Alay S Banker, MD (Ahmedabad, India), Marisa Flores-Aguilar, MD (Tijuana, Mexico), J. Fernando Arevalo, MD, FACS (Caracas, Venezuela)


To determine results of intravitreal bevacizumab in patients with choroidal neovascular membranes (CNVMs) of different types and etiologies.


Prospective nonrandomized consecutive case series of 65 eyes with recent untreated CNVMs of various etiologies (ARMD, myopic, idiopathic, peripapillary, IPCV, RAP) who were treated with intravitreal injection of bevacizumab 1.25 mg/0.05 mL. Patients underwent ophthalmoscopic examination, ETDRS visual acuity (VA) testing, fundus fluorescein angiography (FFA) and optical coherence tomography (OCT) imaging, at baseline and follow-up visits. Main outcome measures included changes in LogMar ETDRS VA, OCT retinal thickness, angiographic lesion characteristics and safety and retreatment rate at 5 months follow-up. Repeat injections were performed only if deemed necessary.

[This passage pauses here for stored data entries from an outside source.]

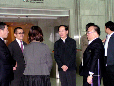 據臺灣媒體報道,農業(yè)部副部長危朝安昨天傍晚在大成集團董事長韓家宇、總裁兼營運長韓家寰陪同下,登上臺北101觀景臺參觀。危朝安對大樓設計頗感興趣,并拍了紀念照。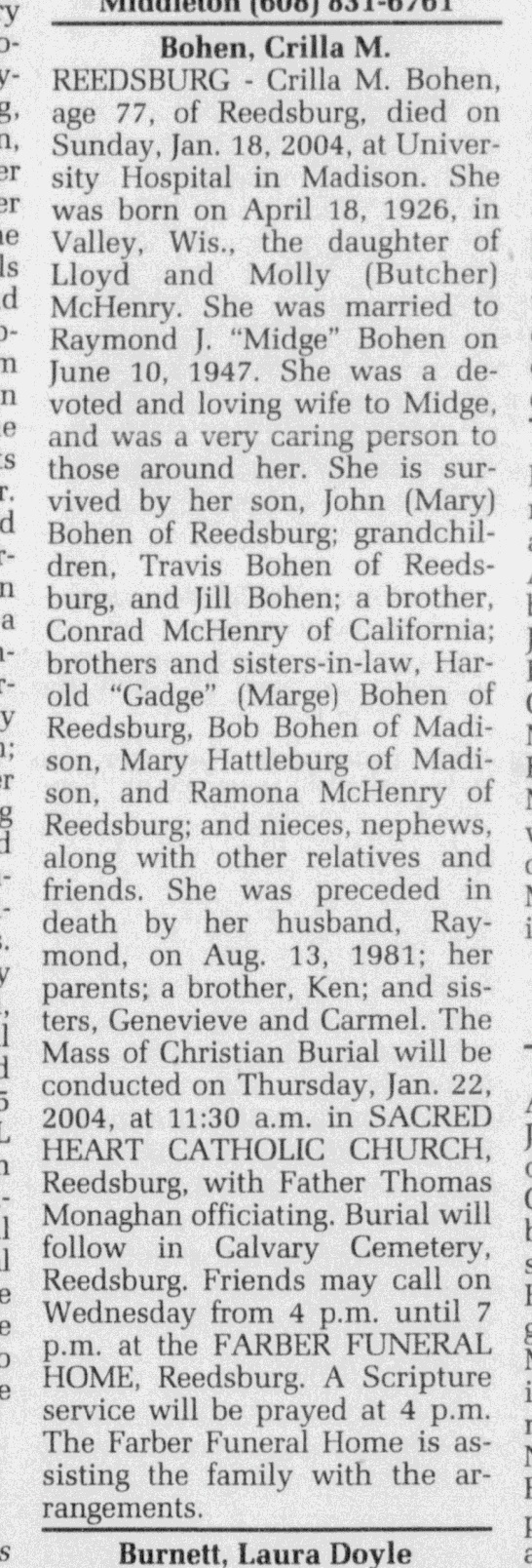 Child of Raymond J. Bohen and Crilla M. McHenry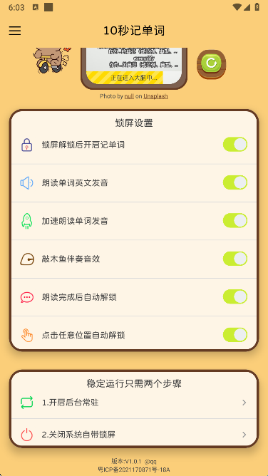 10秒记单词app是一款专为利用碎片时间高效掌握英语词汇设计的创新型学习工具,通过“被动学习”模式将记忆融入日常行为,用户每次解锁手机时,系统自动触发10秒记忆程序,以动态悬浮窗形式展示高频词汇与场景化图像,配合双语音频强化多感官记忆。其核心目标是通过“空间随机刺激+艾宾浩斯遗忘曲线”双引擎,让用户在无意识操作中自然形成长期记忆,日均解锁50次即可无痛积累1500+核心词汇,堪称通勤、备考、语言启蒙的“时间管理革命者”,单词以动态背景形式在屏幕随机位置闪现10次,打破位置依赖记忆,根据遗忘曲线动态调整推送频率,确保关键复习节点。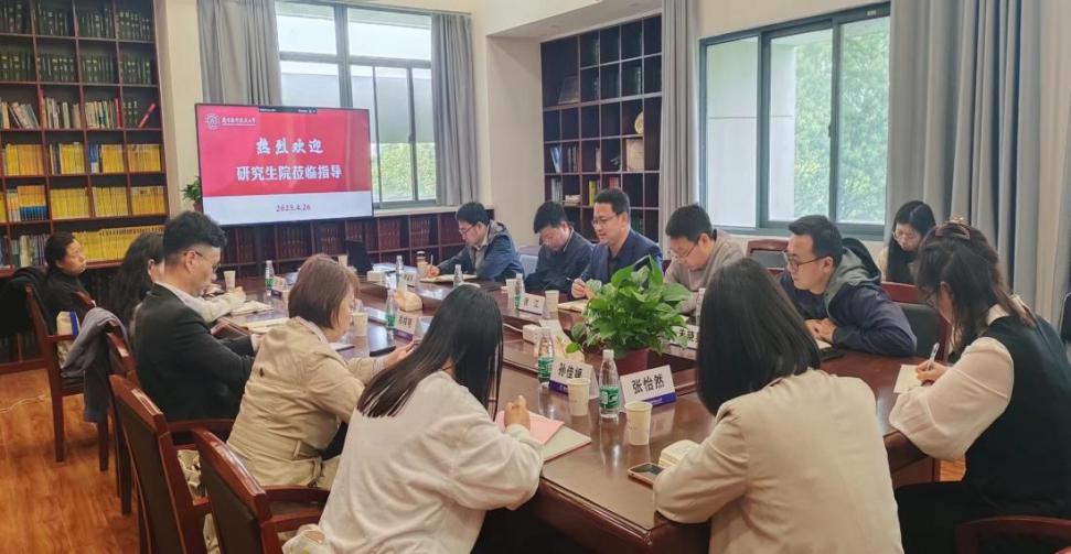 徐江在教学团队、专业学位培养基地、交叉学科、理工融合、教学成果等方面进行了详细阐述并提出今后学科建设的努力方向。曹峰、龚荣芳、蒋辉、朱晓星在课程优化、教学成果申报、创新大赛等方面与研究生院进行了深入沟通与交流。
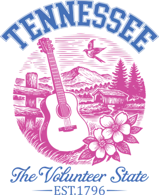 See allThis captivating DTF transfer celebrates Tennessee, 'The Volunteer State,' with a charming vintage-inspired design. Featuring the iconic state name in bold blue collegiate lettering, the artwork showcases a scenic pink-hued landscape with rolling mountains, tall pine trees, a rustic barn, and a flying bird. A prominent acoustic guitar takes center stage, flanked by delicate dogwood flowers, creating a perfect blend of state pride and country music heritage. This ready to press design evokes a warm, nostalgic feeling. Perfect for proud Tennesseans, country music enthusiasts, or anyone who loves the rustic charm of the South. This versatile iron on transfer makes an ideal gift for birthdays, Mother's Day, Father's Day, or souvenirs for those who cherish memories of Nashville, the Great Smoky Mountains, or Memphis. Small businesses and crafters looking for unique heat transfer designs will find this a popular choice for custom apparel and gifts celebrating state pride and musical roots. Applying this heat press transfer is a breeze on various fabrics like cotton, polyester, and blends. Use a heat press at 300-325°F for 15 seconds with medium pressure, or a household iron for smaller projects. No weeding is required – just peel and press! Create stunning custom t-shirts, cozy hoodies, stylish tote bags, unique denim jackets, or even personalized pillow covers. For best results and lasting durability, wash garments inside out in cold water and tumble dry on low heat. Our premium ready to press transfer boasts vibrant, full-color printing with exceptional detail, ensuring your designs truly pop. Experience a soft, flexible feel that resists cracking and peeling, far superior to traditional vinyl. Each direct to film transfer is produced on high-quality DTF film with a robust adhesive backing, guaranteeing professional, long-lasting results that will impress your customers or friends.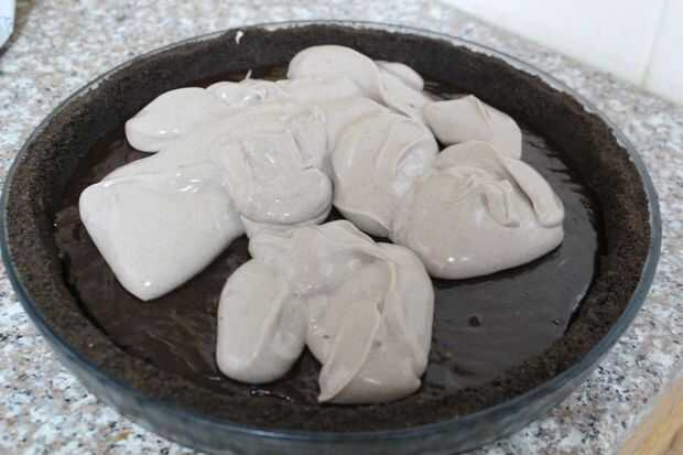 Vierta esta mezcla encima de la mezcla de chocolate.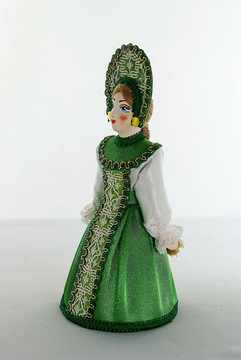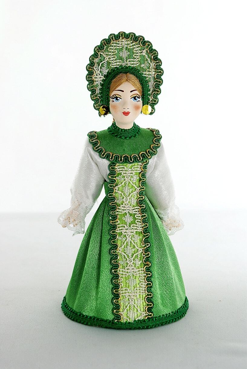 Интерьерная кукла ручной работы из коллекции Русский костюм. Для подарка, для интерьера, в коллекцию. Фарфор, текстиль. Высота 17 см.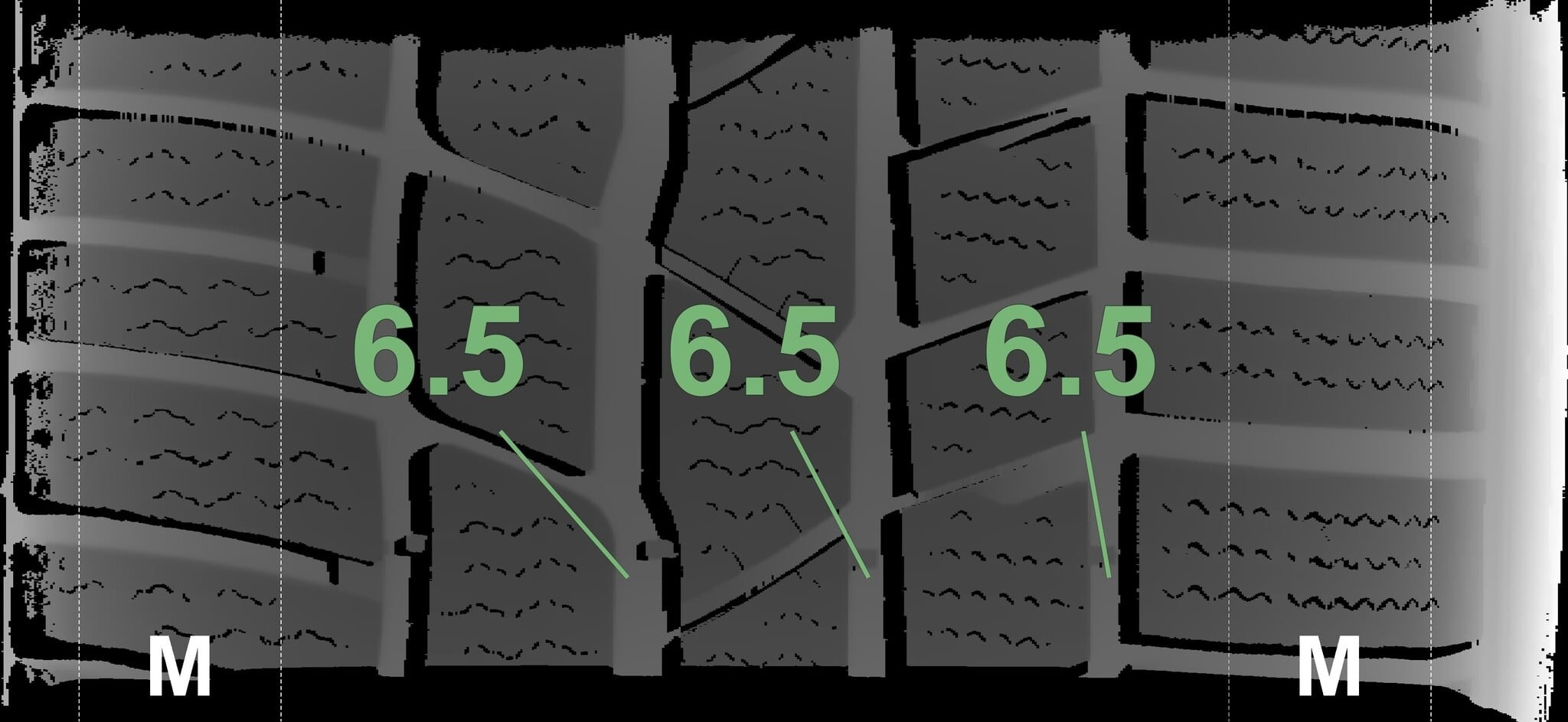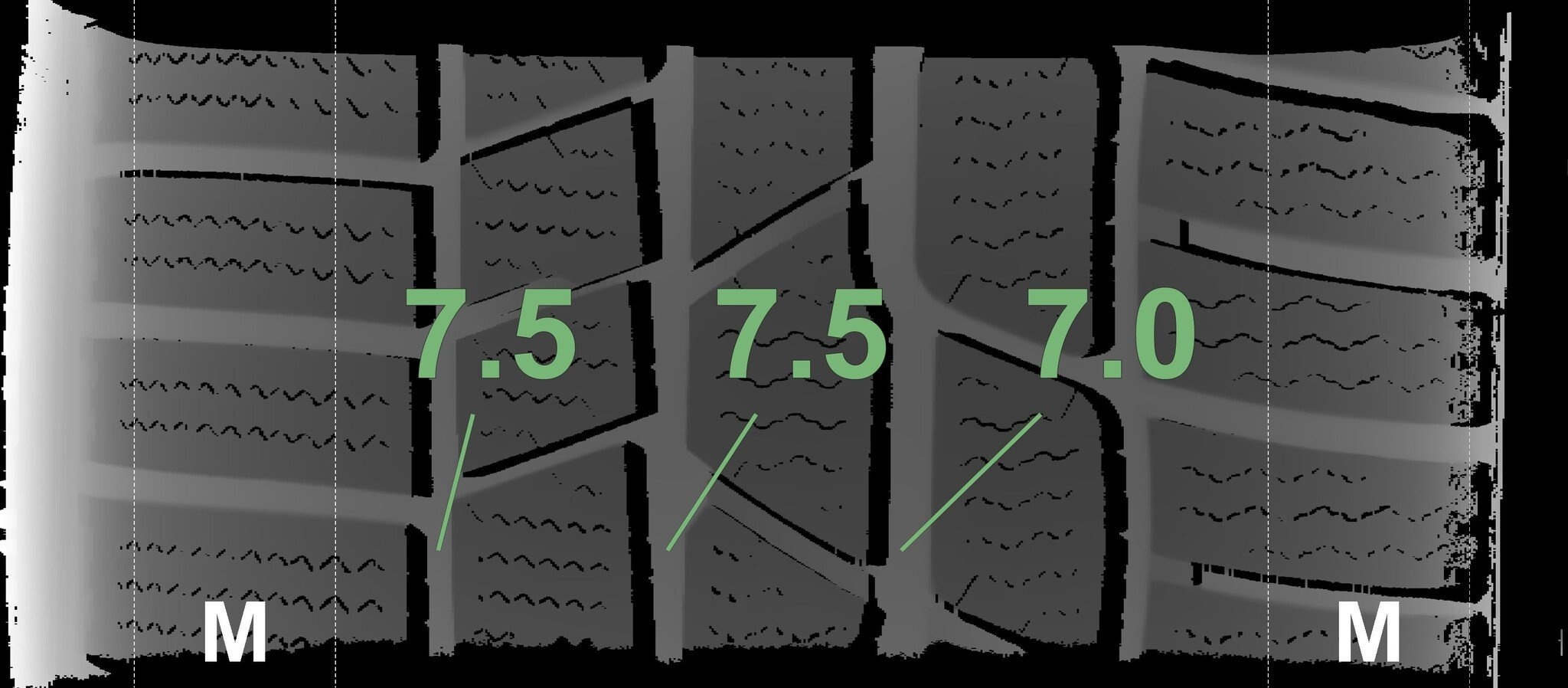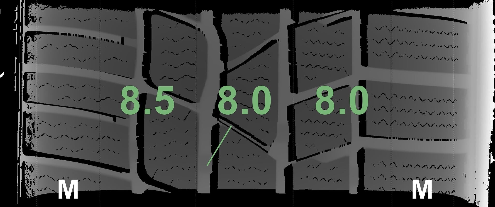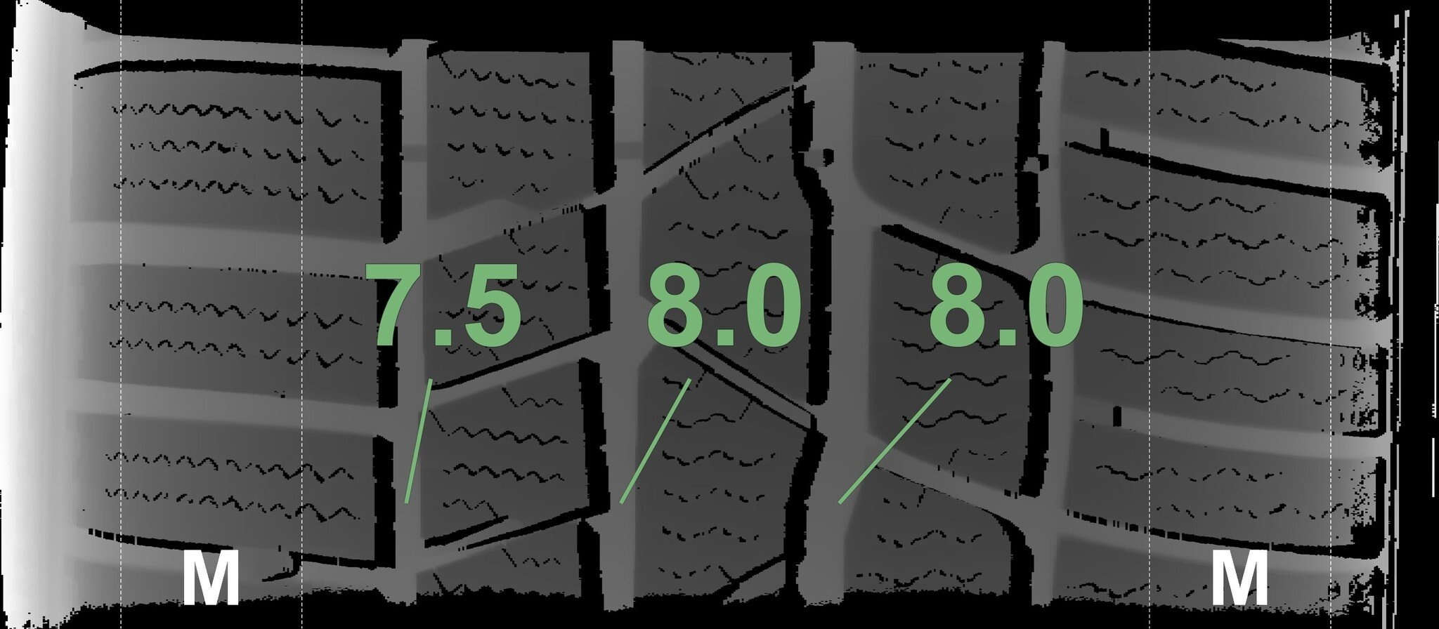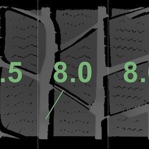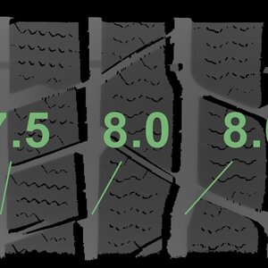 Die gemessenen Profiltiefen und die Details der Felgen sind oben angegeben.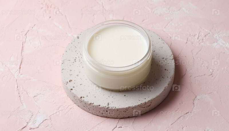 Крем в белом банке на розовом фоне, минималистский уход за кожей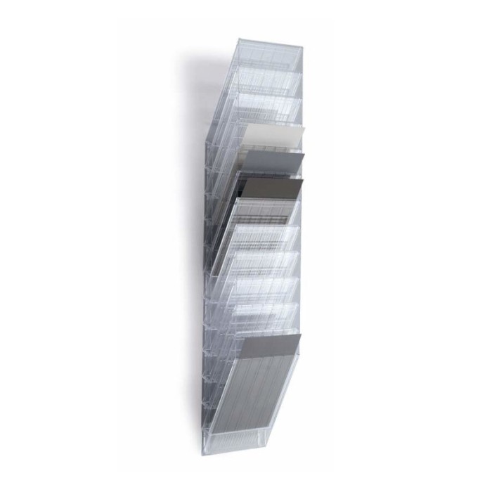 Dwunastoczęściowy naścienny zasobnik na prospekty bądź dokumenty o formacie A4 w pionie.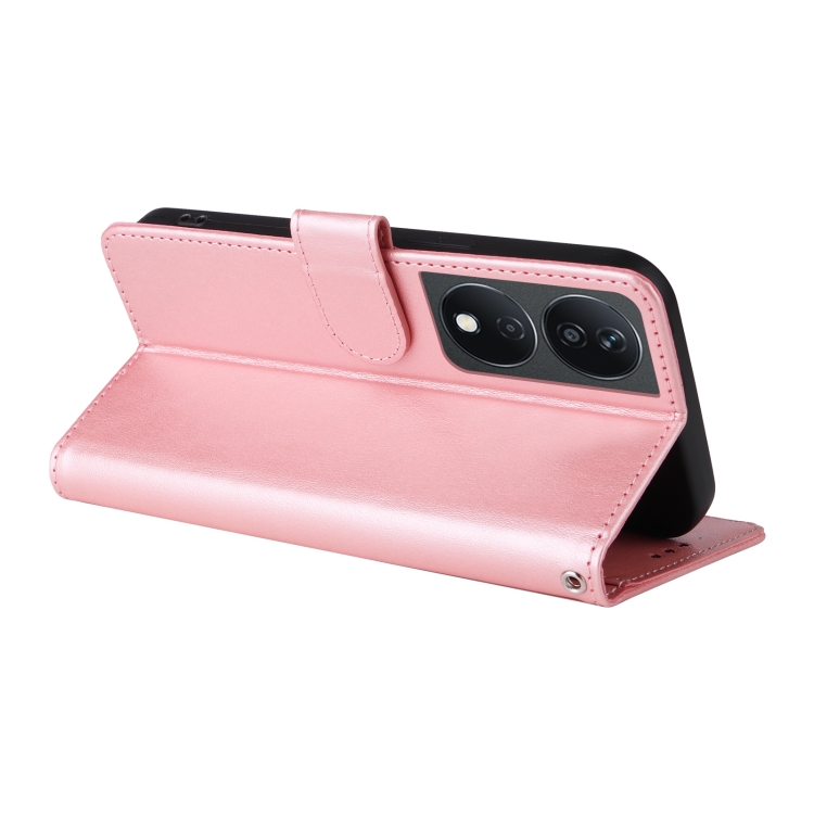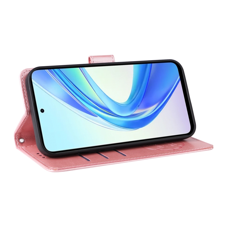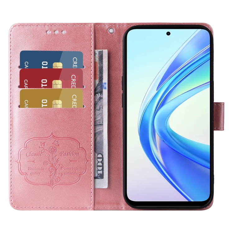 Funda de Cuero para Honor X7B 5G/4G/90 Smart 5G con Diseño de Mariposas y Flores en Relieve (Oro Rosa)

At 5 months follow-up, all 65 eyes showed complete closure of CNV lesions and resolution of macular edema, subretinal fluid and pigment epithelial detachment. The mean VA improved from 1.06+0.36 (LogMar ETDRS) to 0.655+0.26 at end of 5 months follow-up (p < 0.001, paired t-test). The median central retinal thickness at 5 months post-treatment was 244 as compared to 196 at baseline (p < 0.005, paired t-test). Only 14/65 eyes required a second intravitreal injection of bevacizumab after 6 weeks. No eyes needed more than 2 injections at 5 months follow-up. No significant ocular or systemic side effects were observed.


Intravitreal bevacizumab results in improvement in VA, decreased retinal thickness and reduction in angiographic leakage. It may be effective as isolated first line therapy in all types of choroidal neovascularization.